Jack didn’t see the need to create a better user experience if there was already a way around it. He didn’t want us to redesign features to make them easier to understand if they already worked. He would say “Look, all you have to do is this.” He would then go through several screens and a pile of clicks. “See, easy. It’s all in the documentation. If Sales and Support would just do their job, this wouldn’t be a problem.”
So for every step forward Jack would throw a temper tantrum and we would take two steps back. He fought every change and every improvement. He would constantly complain that everyone was trying to make all these crazy changes to the website that were unnecessary. He would say he needed to be the Anchor to keep everyone grounded. The more the company tried to move forward the more he dug in to keep everyone from moving.
Finally after a nasty email from that VP, my business friend forwarded it to the owner. A few days later we were informed that that VP was no longer part of the web site project and all emails from him should be forwarded and ignored. They appointed someone else to head up the project.
Jack saw updating the web site as a was of time and resources. The company was losing subscribers because the service was dated and not very user friendly. Jack blamed Sales and Support for the lose of subscribers. He wanted Sales to work harder and sell more. To learn the product. He wanted Support to do a better job of educating and training the subscribers. Which wasn’t wrong of him to want that. Sales should know the product inside and out. Support should do everything they can to train and educate the subscribers. But Jack didn’t see that the company was trying to sell a dated product. It was like trying to sell a brand new computer built in 2004 for the same price as the latest model.
Jack resisted change. He saw that the system worked at one point, so it should still work. We actually found out later that Jack designed the service and had a big hand in developing it. It was his baby. He didn’t think there was any thing wrong with the service. How could there be? He designed it. It was perfect. [/end sarcasm].
If you are having issues moving forward, ask yourself (and others) a few questions.

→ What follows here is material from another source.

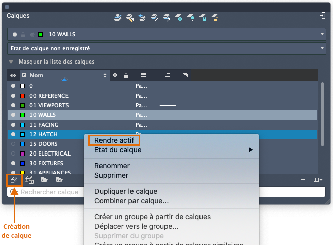 Pour créer un calque, cliquez sur le bouton affiché, puis entrez le nom du nouveau calque. Pour modifier le calque courant, double-cliquez sur son nom ou cliquez avec le bouton droit de la souris sur le nom du calque et choisissez Rendre actif.

- Am I afraid of change because I don’t want to give up what I created?
- If we did it a different way will it help our customers use our product better?
- Will making this change help the company save money in the long run?
- Am I resisting change because I’m afraid I will fail?
- Am I against the change because it wasn’t my idea or its better than my idea?
If the answer is “yes” to any of the questions, its time to stop making excuses, set your ego aside and move forward. If not you will be left behind.
Don’t be the Anchor and try to hold your company in place. Be the Captain and lead your company to a better place!